I stagger out of the alley with a foul, rotten milk slush clinging to my jeans. A patch of coffee grounds and partially dried spaghetti sticks to my shin. But it’s the used condom stuck to the bottom of my shoe that really adds class to the whole thing.

Another wail from behind me. Damn. The wraith isn’t as dumb as I’d expected. It didn’t bother to chase me down the alley, like the harpies or yeti or river dragon did. Nope, it went around the block.

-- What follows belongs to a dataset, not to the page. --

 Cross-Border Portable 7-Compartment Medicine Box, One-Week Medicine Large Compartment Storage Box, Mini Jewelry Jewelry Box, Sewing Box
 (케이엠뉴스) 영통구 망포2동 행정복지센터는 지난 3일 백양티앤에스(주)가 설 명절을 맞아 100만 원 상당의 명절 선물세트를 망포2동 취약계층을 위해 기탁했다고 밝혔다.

My feet pound against the pavement as I book it toward the park. I really don’t want the fight to break out there; Mathers has charms in place to prevent normal people from seeing the weirdness that is our campus. Anyone who drives through thinks they’re viewing a ritzy private college. The park’s outside the university’s jurisdiction.

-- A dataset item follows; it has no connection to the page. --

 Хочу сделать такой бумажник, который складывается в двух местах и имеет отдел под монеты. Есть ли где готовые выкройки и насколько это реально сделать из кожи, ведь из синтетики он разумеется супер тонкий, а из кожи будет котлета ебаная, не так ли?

There are only two options. I can stick to the paths that lead onto the campus, which are partially hidden by the large trees overhead, or cut across the lawn and take the shorter, but more exposed, route.

Before I can decide, there’s the warning sensation of magickal power in front of me. Robin Goodfellow appears out of nowhere, drunken smile in place and glass of beer in hand. I let out a squawk of surpr

ise when I run into him, which he finds amusing. He lifts his glass and wraps an arm around my shoulders. “Phineas Smith... That’s your name, isn’t it? Your friends were pretty worried about you.”

No shit, Sherlock.

I shrug out from under his arm and keep running. Well, trying to run. Goodfellow has a hand gripping the back of my shirt, slowing me down as he stumbles to keep up. He jabbers away, asking how I intend to defend myself, if I think anyone’s coming to help me, if I’m scared to die. I don’t waste my air to answer, even as I respond in my head.

Can’t defend myself consistently. The only person who ever shows up in the middle of my shitshows is Roark, and he’s not even on campus. As for the third question... Can’t be scared of the inevitable.

Every moment I’m delayed, the inevitable threat of my death comes closer and closer to reaching me. There’s no way I’ll get to the side paths in time to beat this wraith to campus. I need to cross the lawn instead, exposed to the wraith’s attention and with Goodfellow hanging on me.

I’m halfway over the expanse of damp grass when Goodfellow stumbles hard and loses his grip on me. A moment later, he yelps a curse and then he’s gone, leaving nothing more than his glass of beer tumbling to the ground.

“Stop!”

The force of the wraith’s scream is like taking a socket wrench to the balls. I stumble, wincing as I fight my body’s urge to obey the command.

We learn spellcasting at Mathers, but most magickal beings these days can’t infuse their words with power. Only the older beings can, the ones that crawl out of the shadows of the outer darkness in search of a fix. They’re bloodhounds drawn to raw power and they never give up the hunt easily, which is why I have more run-ins with them than other magick users do over the course of their entire lives.

“Stop,” the wraith orders again.

This time, my knees lock up, my legs snap together, and I eat shit in the middle of the lawn. I roll to a stop a few feet away and try to crawl. Too bad my body’s having none of it.

The wraith hovers twenty feet from me. That greenish flame has extended from its eyes, engulfing its body in hellfire. A pale, fleshless hand reaches out toward me and even across the distance, the invisible pressure of its bony fingers digs into my chest. “Power.”

I wince as the wraith’s magick tries to claw its way farther into me, searching for the ley line’s source. “Look, if I could give you some, I would. The problem is I don’t really have a lot of control in stressful situations like this.”

The grass around my body starts to quiver, like it’s caught in a light breeze. Here and there, tufts begin steaming, then smoking. My control wavers in and out, sending flickers of darkness through my vision and worse nausea curling through my guts. Dammit. Thirsty Thursday and ley lines don’t seem to mix.